IN THE MATTER OF THE ESTATE OF RYK (DECEASED)

R K Y......................................................PETITIONER

VERSUS

J M Y.....................................................RESPONDENT

JUDGMENT

The deceased RYKdied on 19th February 2012. On 29th July 2013 grant of letters of administration were issued to JMYwidow of the deceased and RKY a son to the deceased and stepson to 1st administrator.

The Children of JMY and the deceased are;

a. G M Y

b. F K Y

c. I M Y

d. N M Y

e. O M Y

f. S V Y

The application for consideration is the summons dated 31st March 2014. The application is brought under section 45 of the Law of Succession Act. The applicant sought the following orders;

i. That the respondent accounts for the proceeds from the deceased’s estate from 2012 to-date.

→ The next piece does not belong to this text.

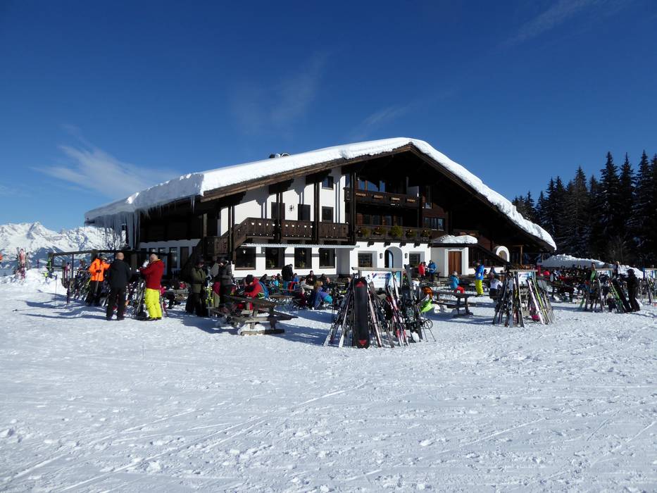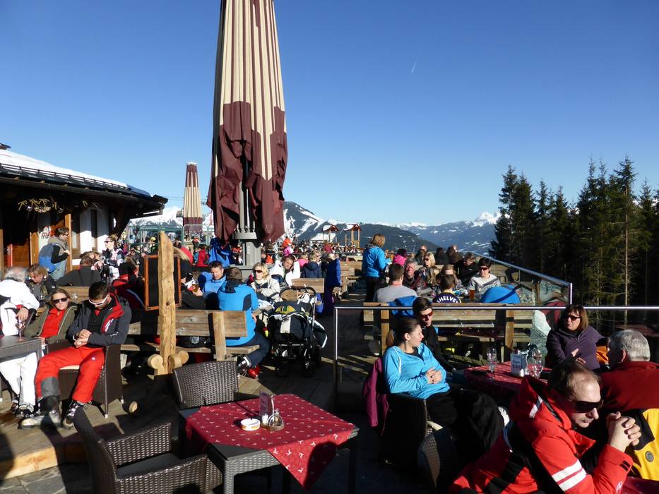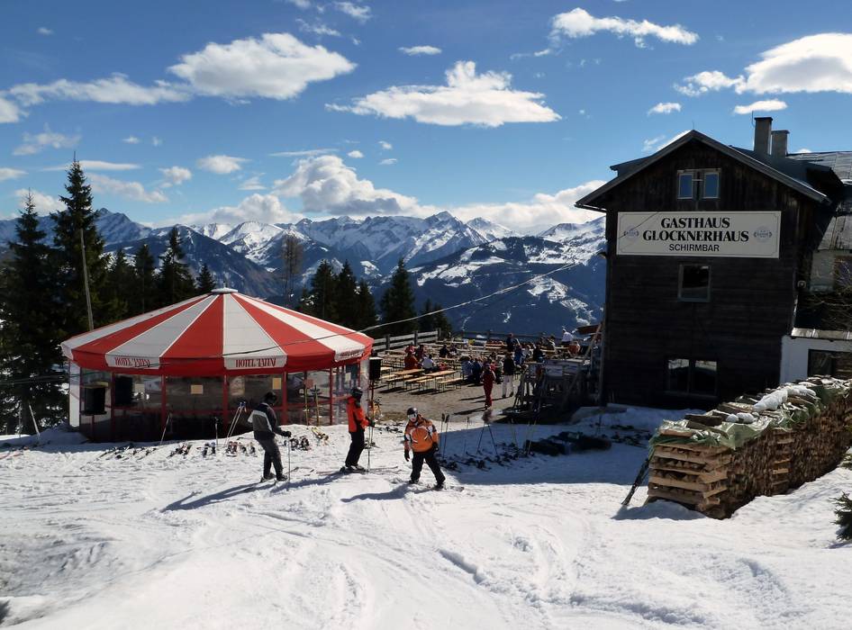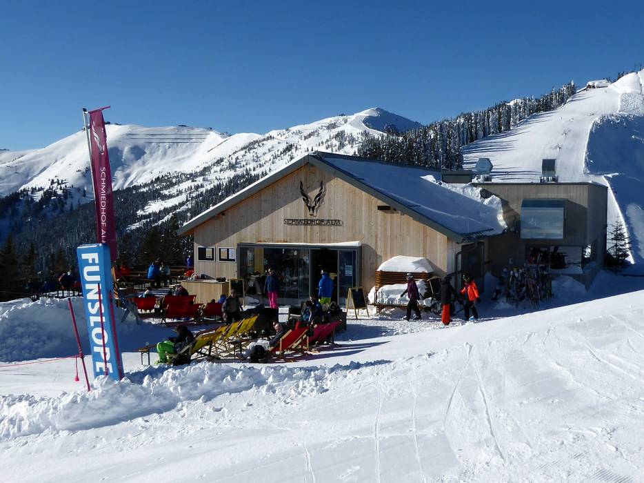 Gezellige, authentieke skihut op de Schmittenhöhe met een paraplubar, groot zonneterras en regionale specialiteiten

ii. That the parties do open joint Bank account to deposit proceeds from the deceased’s estate

iii. That the respondent delivers all the title documents and log books in court within 14 days

iv. That the court appoints registered estate agents that is mutually agreeable to the parties to handle the management of the deceased’s rental properties.

The application is based on grounds that upon the demise of the deceased on 19th February 2012; the applicant and respondent commenced succession proceedings as co-administrators in Succession Cause No. 1158 of 2013. That the co-administrators have been enjoying a cordial relationship until the letters of administration were gazette and the grant was issued. That the respondent has now taken it upon herself to administer the estate to the total exclusion of the applicant and receives all the income from the estate absolutely.

In his affidavit in support of the said application the applicant avers that since the deceased died in mysterious circumstances his immediate concern was to get to the bottom of it however the process was lengthy and dragged on for a year. That following the attack on the deceased, he went to see him in Machakos Hospital where he was admitted and even tried to get an ambulance in efforts to transfer him to MP SHAH hospital. That at the time the respondent understood her role as custodian. That at the close of investigating on revisiting the issue of finalizing the succession process the respondent’s reaction was not favorable. That the respondent has been intermeddling with the deceased’s estate while receiving all proceeds from the estate for her own gains while completely sidelining him. That the respondent has completely cut him off from all the affairs of the estate He urged the Court to restrain the respondent from further dealing with the estate as her conduct is detrimental to the rest of the beneficiaries.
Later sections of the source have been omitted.